Data Export¶
In this tutorial, you will learn how to export data from the Celonis EMS into your local Python project. This allows you to perform analyses on your Celonis data using tools, such as Pandas, or run machine learning algorithms on it. More specifically, you will learn:
- Where to find the data that can be exported
- How to define which data to retrieve using PQL
- How to export the data as a Pandas dataframe
Prerequisites¶
To follow this tutorial, you should have created a data pool as well as a data model and should have uploaded data into it. As we continue working with the SAP Purchase-to-Pay (P2P) tables from the Data Upload tutorial, it is recommended to complete the Data Push tutorial first before embarking on this tutorial.
Tutorial¶
1. Import PyCelonis and connect to Celonis API¶
from pycelonis import get_celonis
celonis = get_celonis(permissions=False)
[2024-09-05 14:14:40,467] INFO: No `base_url` given. Using environment variable 'CELONIS_URL'
[2024-09-05 14:14:40,468] INFO: No `api_token` given. Using environment variable 'CELONIS_API_TOKEN'
[2024-09-05 14:14:40,505] WARNING: KeyType is not set. Defaulted to 'APP_KEY'.
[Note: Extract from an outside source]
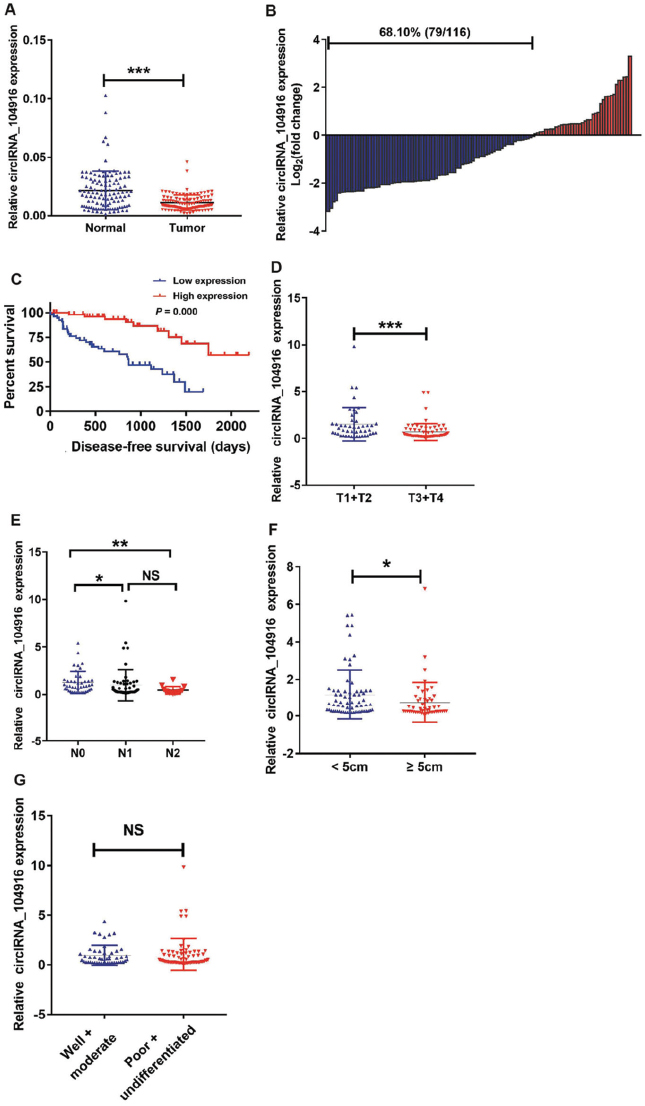 Figure 1Expression of circRNA_104916 in colorectal cancer and the correlation between its expression and clinicopathological parameters, as well as disease-free survival. (A) CircRNA_104916 was significantly downregulated in tumorous tissues compared with that in adjacent normal tissues detected using RT-qPCR assay (n=116). (B) Among the patients recruited, 68.1.0% (79/116) of them showed a decrease of circRNA_104916 in tumorous tissue than adjacent normal tissue (Log2 (2-ΔΔCT)). (C) Patients with higher circRNA_104916 expression (n=58) had a better disease-free survival than those with lower (n=58) revealed by Kaplan-Meier analysis. (D) The relative circRNA_104916 expression was lower in patients with T3 and T4 stage than those with T1 and T2 stage analyzed by Mann-Whitney U test. (E) The relative circRNA_104916 expression was lower in patients with lymphatic metastasis (N1 and N2) than those without lymphatic metastasis analyzed by Kruskal-Wallis test followed by Nemenyi test. (F) The relative circRNA_104916 expression was lower in patients with tumor diameters exceeded 5cm than those with less than 5cm analyzed by Mann-Whitney U test. (G) No significant difference of the relative circRNA_104916 expression was observed between patients with various differentiation degrees analyzed by Mann-Whitney U test. * P < 0.05, ** P < 0.01, *** P < 0.001, NS, not significant.

[2024-09-05 14:14:40,506] INFO: Initial connect successful! PyCelonis Version: 2.10.2
No access key provided. Please set the CELONIS_MLOPS_ACCESS_KEY environment variable.
2. Find the data model from which data will be exported¶
The first step in exporting data from the EMS is to find the location where the data is stored, i.e. the corresponding data pool and data model.
data_pool = celonis.data_integration.get_data_pools().find("PyCelonis Tutorial Data Pool")
data_pool
DataPool(id='b76b688a-d5f3-4fd4-9b03-41df01281bc3', name='PyCelonis Tutorial Data Pool')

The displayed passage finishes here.